The best way into this story is to look at the crime of which Giuliani likely will stand accused. As the New York Times reported back in the fall of 2019, federal prosecutors have been investigating whether Giuliani broke lobbying laws in his dealings with Ukrainian officials by failing to disclose he was acting on their behalf. While violation of a disclosure law doesn’t sound particularly bad or sexy, the point of the law is to require transparency whenever someone has contact with the government or media in the United States at the direction or request of foreign politicians or officials.

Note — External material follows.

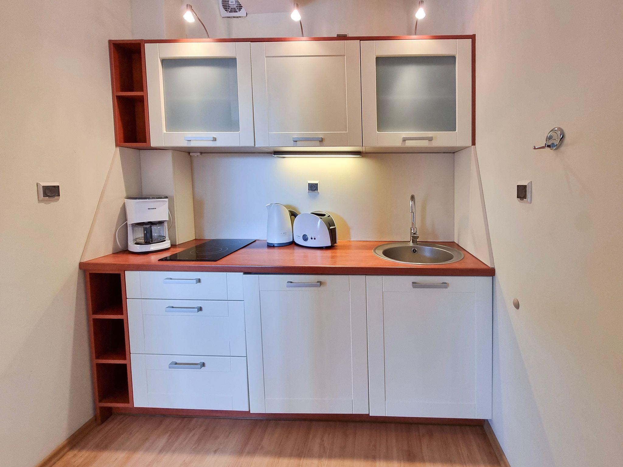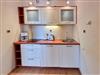 Die Küchenzeile ist mit notwendigen Geschirr und Besteck für die Zubereitung und den Verzehr von Mahlzeiten ausgestattet, ebenfalls mit einem Elektroherd mit 2 Heizflächen, Unterbaukühlschrank, Toaster, einer Überlauf-Kaffeemaschine und einer Doppelkammerspüle.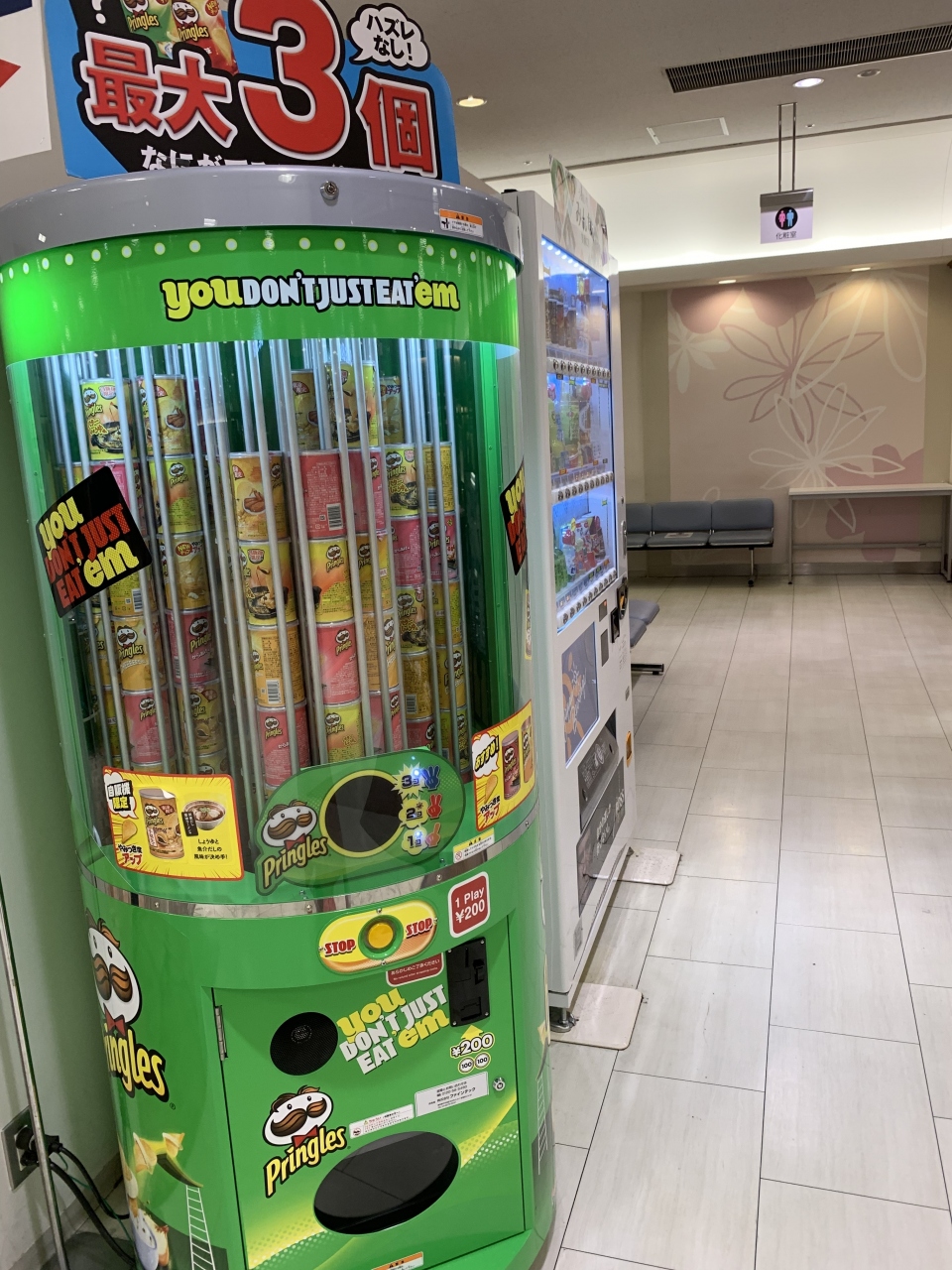 2階トイレ近くには、「プリングルス」の自動販売機が…

The reason for this is plain: In recent years especially, covert foreign influence has been highly damaging to our democracy, with disinformation peddling chief among the concerns. Whenever someone goes on Fox News pushing Russian-aligned propaganda, for example, authorities want to know whether covert foreign influence lies behind it. Same goes for statements within Congress.
So on whose behalf why might Rudy Giuliani really be working? A few names have emerged that are worth exploring, but today I’m focusing on one: Dmitri Furtash. Once all the connections are laid bare, it’s easy to reach the same alarming conclusion federal agents and prosecutors have reached: Giuliani, the right hand man of the former president, likely is deep-in-bed with Russian agents and oligarchs and is an active threat to national security.
Furtash is a Ukrainian billionaire wanted for extradition to the United States on bribery and racketeering charges. Witnesses who have been cooperating with the investigation confirmed to Time Magazine that authorities were particularly interested in Giuliani’s communications and association with Furtash.
First, some background on Furtash. He is a wealthy industrialist with assets across Europe, but for the last five years, he has been in Vienna fighting the U.S. extradition charges. The Department of Justice in 2017 named Furtash among the “upper echelon associates of Russian organized crime” but had been under investigation for at least ten years prior to then. His early work in the gas trade brought him into contact with Russian mob bosses who gave their blessings on his ventures. As those businesses grew, in the mid-2000s Furtash received an exclusive right from Vladimir Putin to sell Russian gas to Ukraine in partnership with Russian’s state owned gas company, Gazprom. This arrangement made him a billionaire. Furtash used his influence to buy up chemical and fertilizer plants across the Ukraine.
In 2010, Furtash supported the Russian-backed candidate for president, Viktor Yanokovych. Proving again that connections to Trump are everywhere, Furtash worked on the campaign alongside Paul Manafort, Trump’s one-time campaign manager, who was later convicted and sentenced to seven years before receiving a pardon from Trump. (Furtash once attempted to buy and redevelop the famous Drake Hotel in New York with Manafort, a deal that never went through.) After Yanokovych won that election, Furtash expanded his business empire under that administration, buying up lucrative gas distribution and storage companies in Ukraine.
In 2014, violent street protests led to Yanokovych’s ouster, and Furtash was arrested in Vienna and charged under U.S. law for violating the Foreign Corrupt Practices Act. He began fighting the extradition requests, and the case has languished for years. But in 2019, it began to reheat. In July of that year, Furtash hired two close associates of Giuliani, Victoria Toensing and her husband Joseph DiGenova, who were frequent defenders of Trump on network TV and active in efforts to spread anti-Biden disinformation.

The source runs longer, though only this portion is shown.